High Performance Unix Logging (Part 2)

High Performance Unix Logging (Part 2)

Extracting high performance logging data with a debugger

In part one of this series, I described how to build a custom logging framework in userspace with very little overhead. It worked by having each thread store logging information in a circular buffer while in critical sections, and later post processing the buffer. This helps avoid system calls and expensive string processing when performance counts.

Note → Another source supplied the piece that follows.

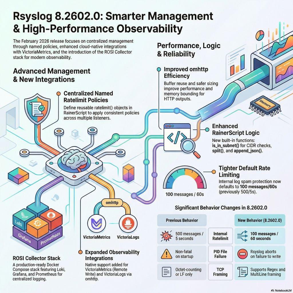 rsyslog 8.2602.0: ROSI Collector, rate-limit policies, stronger TLS, and telemetry integration

One of the downsides to this approach is that logging data is only available at certain points in the application. If a user needs log messages in the middle of a critical section, for example if they are using a breakpoint in a debugger, the log data must be processed a different way. In this part, I’m going to write a GDB extension which can extract the log data and present fully processed messages to the user. The custom GDB command will be invoked like this:

(gdb) log dump [index] ...

Setting up a GDB extension

GDB is a common debugger for Unix that can be used to debug applications. It supports many features, including stepping through code, setting breakpoints, and examining memory. It also supports extensions, which can customize GDB behavior for the program being debugged. Specifically, I’m going to be using the Python API to write my extension, since that is a language that I am familiar with.

The source code for a Python GDB extension is written as a regular Python module, which imports the gdb module and has a .py file extension. The Python module is loaded into GDB using the GDB source command or on the gdb command line with the -x flag. There are also some options to have Python extensions automatically loaded on startup. The version of Python that GDB uses is determined by which Python library is linked with GDB and cannot be changed. In Ubuntu 16.04, the default GDB package uses Python 3, but I’ve seen Python 2 used in some older systems. Due to this uncertainly, I make an effort to write my extensions so it is compatible with both Python 2 and 3.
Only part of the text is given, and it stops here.